— AVAILABLE DATA —
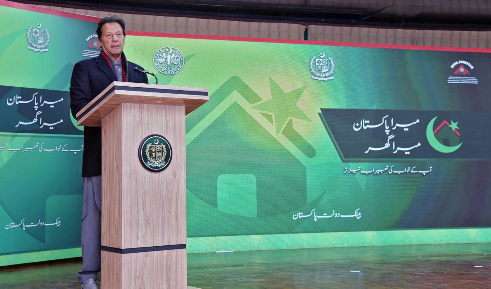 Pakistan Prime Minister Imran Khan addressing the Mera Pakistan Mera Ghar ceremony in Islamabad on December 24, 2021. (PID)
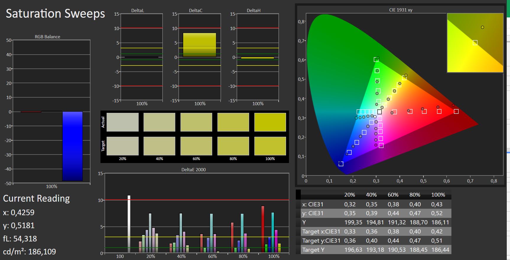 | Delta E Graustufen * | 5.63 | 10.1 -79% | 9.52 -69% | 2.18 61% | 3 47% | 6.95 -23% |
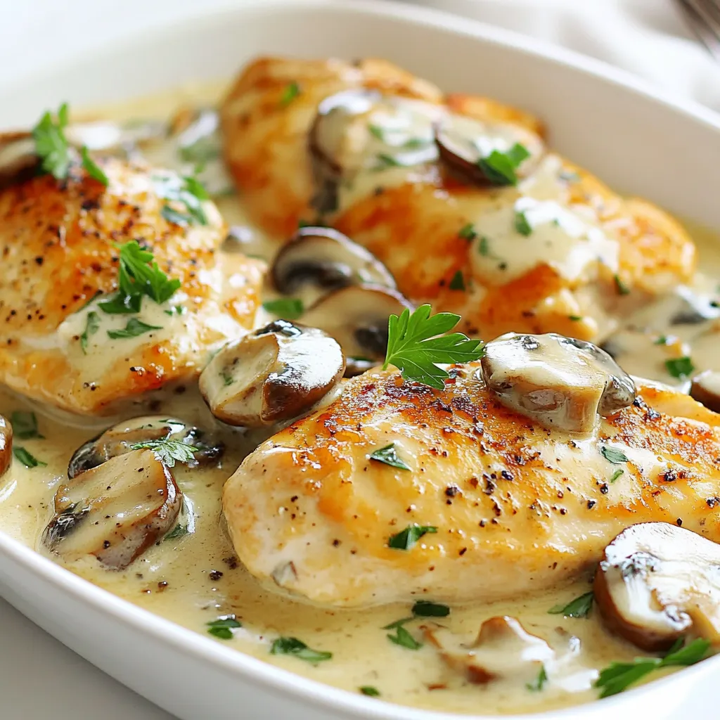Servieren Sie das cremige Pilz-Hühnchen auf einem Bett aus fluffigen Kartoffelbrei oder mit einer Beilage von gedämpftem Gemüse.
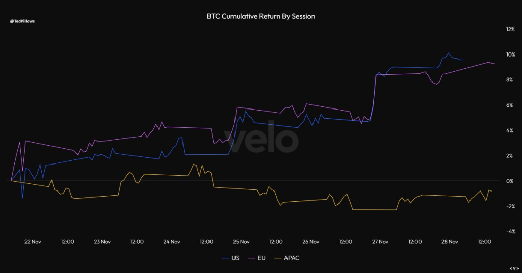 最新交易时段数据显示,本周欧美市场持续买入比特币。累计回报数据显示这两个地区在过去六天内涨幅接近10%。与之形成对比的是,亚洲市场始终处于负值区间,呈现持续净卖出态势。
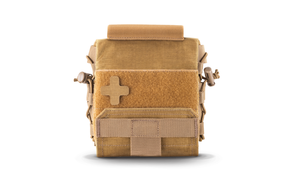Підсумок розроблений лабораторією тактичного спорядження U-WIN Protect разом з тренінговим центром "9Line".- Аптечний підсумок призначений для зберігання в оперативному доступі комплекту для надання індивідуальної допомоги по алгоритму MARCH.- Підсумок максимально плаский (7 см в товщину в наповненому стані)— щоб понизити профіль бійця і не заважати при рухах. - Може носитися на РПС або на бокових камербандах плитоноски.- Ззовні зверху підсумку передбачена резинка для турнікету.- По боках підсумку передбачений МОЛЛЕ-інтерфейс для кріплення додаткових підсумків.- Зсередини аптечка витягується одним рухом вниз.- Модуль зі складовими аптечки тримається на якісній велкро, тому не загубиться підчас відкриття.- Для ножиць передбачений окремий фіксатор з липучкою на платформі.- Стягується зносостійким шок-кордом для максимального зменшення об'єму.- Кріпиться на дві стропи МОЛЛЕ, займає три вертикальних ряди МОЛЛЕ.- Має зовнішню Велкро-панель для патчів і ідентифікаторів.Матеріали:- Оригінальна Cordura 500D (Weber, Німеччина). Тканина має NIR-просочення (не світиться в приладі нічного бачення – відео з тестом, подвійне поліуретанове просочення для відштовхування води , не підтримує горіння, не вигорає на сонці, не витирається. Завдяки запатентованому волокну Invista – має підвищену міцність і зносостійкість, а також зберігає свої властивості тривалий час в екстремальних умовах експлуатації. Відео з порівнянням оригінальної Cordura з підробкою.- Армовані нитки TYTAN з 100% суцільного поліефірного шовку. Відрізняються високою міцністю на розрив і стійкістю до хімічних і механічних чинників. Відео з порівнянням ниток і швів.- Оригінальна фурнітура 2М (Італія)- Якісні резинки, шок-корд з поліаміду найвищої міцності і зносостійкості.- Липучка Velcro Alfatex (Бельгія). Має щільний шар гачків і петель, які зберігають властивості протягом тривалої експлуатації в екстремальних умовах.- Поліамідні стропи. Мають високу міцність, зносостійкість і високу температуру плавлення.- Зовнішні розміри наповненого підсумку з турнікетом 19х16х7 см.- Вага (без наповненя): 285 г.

— WHAT IS EXPECTED —
The response must match the data line for line, from its first line through the line with "最新交易时段数据显示,本周欧", inclusive, and must leave out the pictures.

— WRITTEN ANSWER —
 Pakistan Prime Minister Imran Khan addressing the Mera Pakistan Mera Ghar ceremony in Islamabad on December 24, 2021. (PID)
 | Delta E Graustufen * | 5.63 | 10.1 -79% | 9.52 -69% | 2.18 61% | 3 47% | 6.95 -23% |
Servieren Sie das cremige Pilz-Hühnchen auf einem Bett aus fluffigen Kartoffelbrei oder mit einer Beilage von gedämpftem Gemüse.
 最新交易时段数据显示,本周欧美市场持续买入比特币。累计回报数据显示这两个地区在过去六天内涨幅接近10%。与之形成对比的是,亚洲市场始终处于负值区间,呈现持续净卖出态势。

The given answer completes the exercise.